When I was young, it was a big deal that this legendary movie was going to be shown on TV for the very first time.  So, the summer before, I set out to start my race again.   Even my mom was impressed that I was going to read a novel about a movie she likely saw first run.

"You know, the book is about 1,000 pages long."

Um, gasp, no, I didn't know that.

But I pressed on.  Luckily, that was an extra hot summer with many nights in front of the reading fan.  I needed the whole month of July plus half of August to finish it, but I did!
Er, this one I didn't discuss beforehand with any parent.  This hot novel was already making the rounds of my neighbor.   And all the talk was about the contents of page 27.   An education in itself.  Way too much for our innocent eyes.  Indeed, the actions on that fated page didn't seem too risque when we finally saw it on screen.  In this case, the words told the story better than the actual images.

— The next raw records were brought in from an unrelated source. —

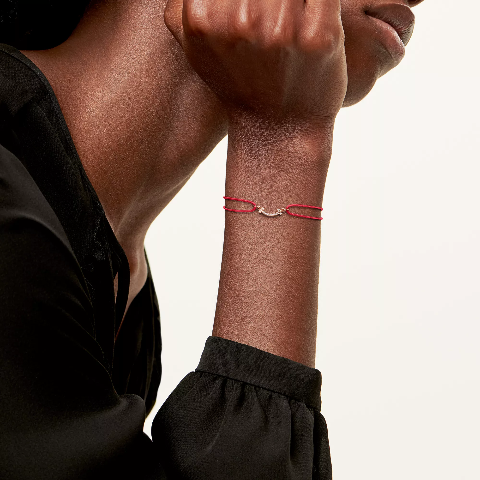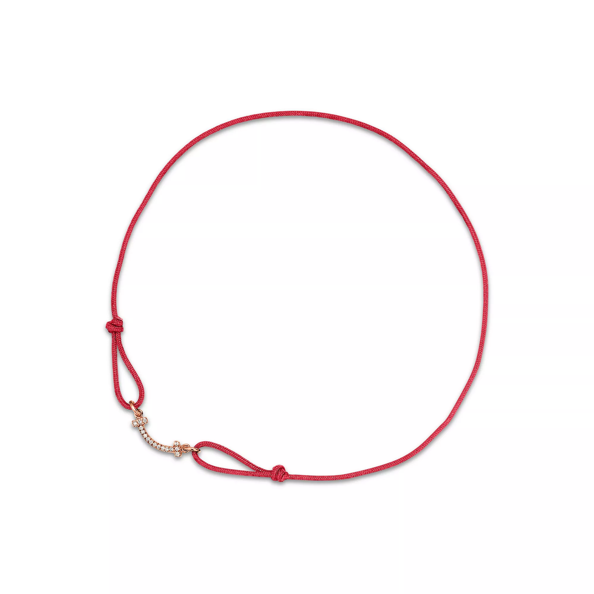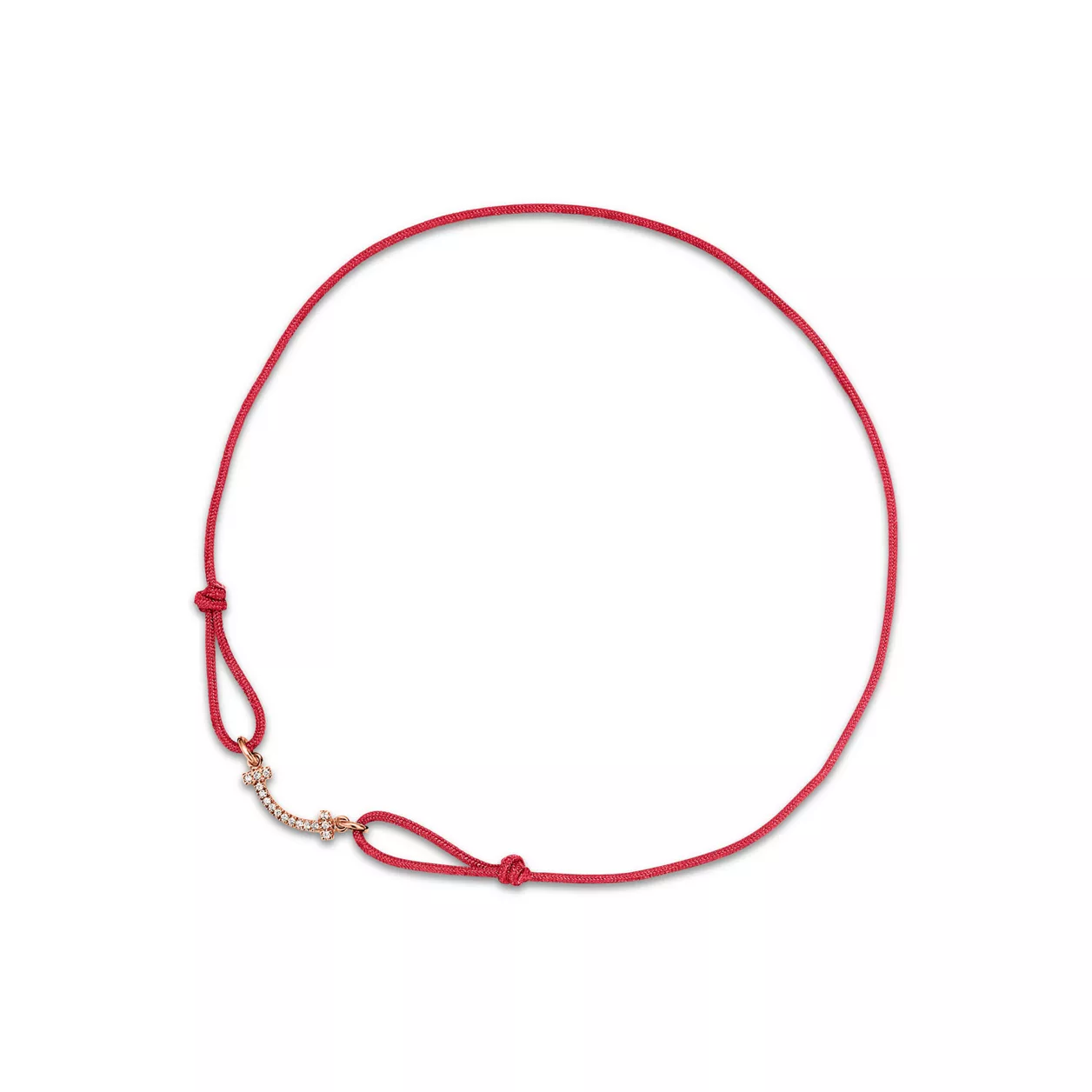 4. Tiffany T:Smile Bracelet in Rose Gold on a Red Cord with Diamonds
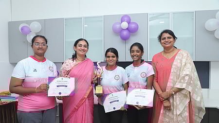 சென்னை எஸ்ஐவிஇடி கல்லூரியில் நடைபெற்ற பல்கலைக்கழக ஏ மண்டல மகளிா் டேபிள் டென்னிஸ் போட்டியில் முதலிடம் பெற்ற எம்ஓபி வைஷ்ணவ மகளிா் கல்லூரி அணியினா். உடன் முதல்வா் அா்ச்சனா பிரசாத், உடற்கல்வி இயக்குநா் அமுதா சுமன் குமாா்.
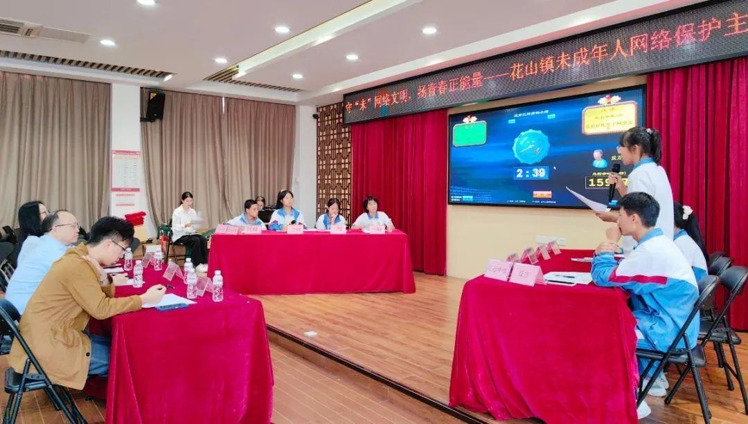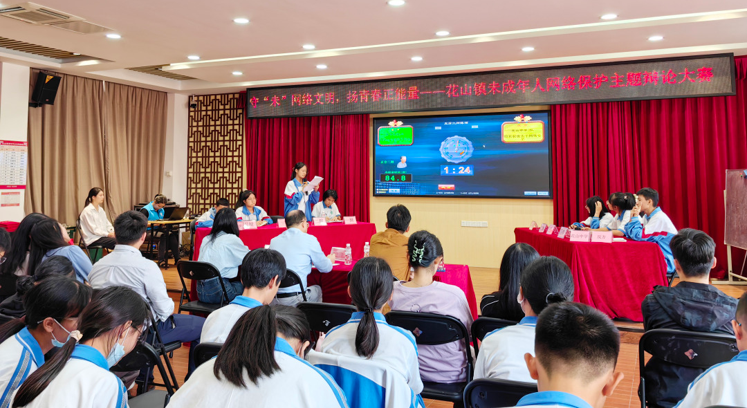 该活动由花都区花山镇“扫黄打非”办联合镇未成年人保护站、镇社工服务站、镇司法所、广东益航律师事务所、广州工商学院辩论队、镇综治办等单位开展,是一种创新“扫黄打非”宣传形式。通过不断增强同学们对“扫黄打非·净网”行动的认识,倡导共同营造清朗网络空间,进一步护卫青少年健康成长。活动邀请花山中学、华侨中学、新蓝天学校等师生60余人参加,4支队伍20位选手进入决赛。
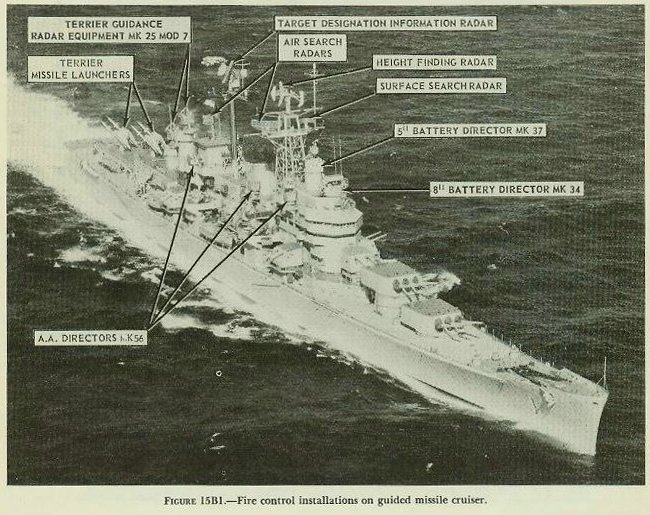 15B2. Fire control systems The exact composition and arrangement of a ships fire control system depends upon such factors as the type of ship and the size, number, purpose, and effective range of its guns. In general, fire control systems have the following characteristics: 1. The primary method of fire is director fire. When the number and arrangement of guns in a battery permits, the battery may be controlled from one station, or the fire may be divided and controlled from several points against multiple targets. 2. Provision is made for observations to establish present target position and to spot the fall of shot. 3. Computers figure the predicted position of the target, the ballistic corrections, and corrections to compensate for roll and pitch of the ship. These data are used to compute gun orders in train and elevation which are transmitted to the guns. 4. Gun orders keep the guns constantly positioned in space, ready to fire whenever the firing key is closed. 5. Provision is made for stand-by methods of control if the primary method is inoperative. 6. Efficient communications are provided, with duplicate systems for transmitting information. 7. Provision is made for control of the battery at night, including the control of star shells and searchlights. 15B3. Battleship systems On a modern battleship, the two primary main-battery directors are the highest on the ship, the forward one being about 120 feet above the waterline, the after one about 75 feet. Either director, together with equipment in the plotting rooms, can control all or part of the main battery. Also, any one of the four secondary-battery directors can be used to control all or part of the main battery. In addition, equipment in each turret permits individual, but less effective, control of the turrets independently of the directors and plotting rooms. Five optical rangefinders, one in each main-battery director and in each turret,* provide main-battery ranges. Fire control radars in the fire control tower and in each main-battery director provide radar range (and bearing) for the main battery. Below the waterline are the forward and after plotting rooms, each of which contains rangekeepers, stable verticals, graphic rangekeeping devices, switchboards, and other instruments. Information is received in plot from the radars, rangefinders, and directors, and is combined with other information obtained from various sources. Computed quantities are transmitted to the guns for their control. Either plotting room may control any part of the battery. Auxiliary computing equipment is provided in each of the three turrets, so that each may fire independently. The secondary battery has four directors, each of which has its own rangefinder and radar, and may control all or any part of the dual-purpose battery. There are two secondary (dual-purpose) battery plotting rooms similar to those of the main battery, except that they contain no graphic plotting devices. Each is equipped with two computers, two stable elements, the necessary indicating instruments, and switching equipment. With director. controlled fire it is possible to engage four secondary battery targets simultaneously with independent illumination control. The heavy machine-gun battery is equipped with a separate director and fire control system for each of its mounts. Many of the directors are equipped with radar. Decentralized control permits firing at many targets at once, and facilitates target acquisition. Flexibility of control is provided by cross connections permitting the heavy machine-gun directors to control the adjacent dual-purpose mounts, and the secondary-battery directors to control the heavy machine-gun mounts. The light machine guns (20-mm) are equipped with individual lead-computing sights. 15B4. Cruiser and destroyer systems Cruisers have fire control installations similar to those of battleships, except that there are only two directors for the dual-purpose battery (i.e., the secondary battery on cruisers with turrets; the main battery on AA cruisers). Figure 15B1shows the fire control installations on a guided missile cruiser, NOTE: Radar has replaced the optical rangefinders in the turrets of some of the later cruisers. U.S.S. Boston (CAG-l). On guided missile cruisers of this class, the after 8-inch triple turret and the after 5-inch twin gun mount have been replaced by two twin Terrier missile launchers. Destroyers have only one director and one plotting room for the dual-purpose (main) battery. The control of dual-purpose and machine-gun batteries on cruisers and destroyers is similar to that on battleships, but they can engage a smaller number of targets simultaneously, because of the smaller number of guns and directors. 15B5. The fire control problem The principal subject of the next several chapters is the fire control problem. This term has come to mean the entire series of measurements and computations used in the control of weapons, beginning with the designation of the target and the type of fire, and ending with the destruction of the target. For all batteries, the problem of gun fire control is solved in five steps: 1. Establishing the present position of the target. The first step in the solution of the problem is to establish the present position of the target with relation to the ship by measuring its range, bearing, and, for air targets, elevation. 2. Computing lead angles. Lead angles in elevation (called sight angle) and in bearing (called sight deflection) are computed to allow for wind, gun ballistics, and relative motion of own ship and target during the time of flight of the projectile. This is the principal function of all rangekeepers and computers. 3. Correcting for motion of gun platform. Corrections are computed to counteract the effect of the constant rolling and pitching of the ship. 4. Making up gun orders. Since the guns are so mounted that they can move only in train and elevation, all the foregoing information

The other Bookmobile section I would gravitate to was the sports biography and, of course, mostly baseball.  This is how I lived my summers.   Reading and watching baseball.   So, it was natural for me to spend those nights reading about the sport.
This book was a best seller.   All I knew was that it was about the exploits of Jim Bouton who used to pitch for the Yankees.  His big claim to fame was that his hat fell off every time he threw the ball.  But, this book was about a whole heck of a lot more.  I had idolized baseball stars to this date.  Now, with Bouton's tale about life on the baseball road, I realized that my heroes were indeed human. And very flawed at that.  In this book as well, there was a whole lot of "page 27" going on.

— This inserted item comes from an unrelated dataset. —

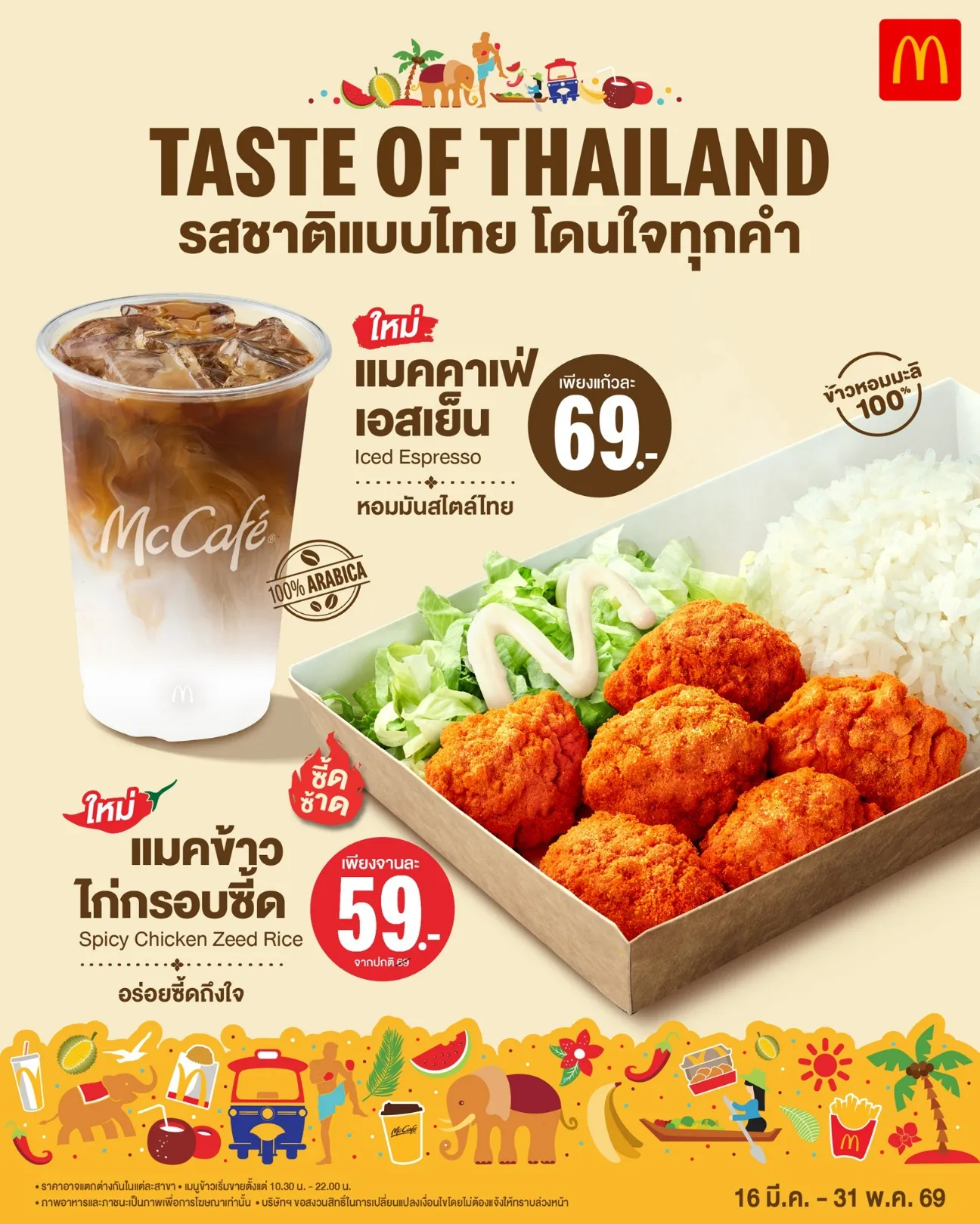 แมคโดนัลด์ จับเทรนด์ฮิต ชูความเป็นไทย สร้าง Brand Connection ผ่านการนำแรงบันดาลใจจากเมนูยอดนิยมของคนไทยมาพัฒนาความอร่อยในแบบฉบับแมคโดนัลด์ พร้อมถ่ายทอดเอกลักษณ์ของอาหารไทยผ่าน แคมเปญ ‘Taste of Thailand’ รสชาติแบบไทย โดนใจทุกคำ เปิดตัว 2 เมนู ใหม่ล่าสุด! ได้แก่ ‘แมคข้าวไก่กรอบซี้ด’ รสชาติจัดจ้าน อร่อยซี้ดถึงใจ กับไก่กรอบเนื้อแน่นที่คลุกเคล้ากับผงซี้ดรสจัดจ้านถึงเครื่องแบบไทยๆ อร่อยลงตัวกับผักกาดแก้วสดกรอบ เสิร์ฟพร้อมข้าวหอมมะลิไทยแท้ 100% เพียงจานละ 59 บาท และ ‘แมคคาเฟ่ เอสเย็น’ กาแฟหอมมันสไตล์ไทย จากกาแฟพรีเมี่ยมอาราบิก้า 100% ผสมความนัวของนม ใครเป็นสายกาแฟหวานมันแบบไทยๆ ต้องลอง ได้ดื่มรีเฟรชตัวเองง่ายๆ ทุกวัน ราคาเริ่มต้นแก้วละ 69 บาท หรือจะเลือกอร่อยคู่กัน ยิ่งเพิ่มความโดนใจทุกคำ!

Okay, this baseball biography was a little more reverential.  And my very first exposure to the team franchise that would become a major part of my life.  I longed to know what it was like for a team to play in a neighborhood like Brooklyn, which was so far away from me in Mount Vernon, New York. Indeed, it was a borough I didn't set foot in until I was in college.  I was dying to experience hometown New York baseball in the 50s.  This book brought it to me.  And, to this day, it's one of the best books I ever read.
Okay, not everything I read during the summer came from the Bookmobile. One of my annual hot weather traditions was to devour the annual yearbook of my beloved New York Mets.  Back then, these publications actually had written content and not just pictures.  I would dig in for a week or two and chew up all the stories and the stats about my favorite players.  By the end of July, I could recite it verbatim.

Hey, it may not have been Charles Dickens, but all of the above was still reading.   Today, as you know, I don't do it as much as I should.   Maybe it's because it's just not the same.   Nestled in my little breezy nook.

Hmm, maybe I should buy a window fan.

Dinner last night:  Turkey wrap at the Hollywood Bowl.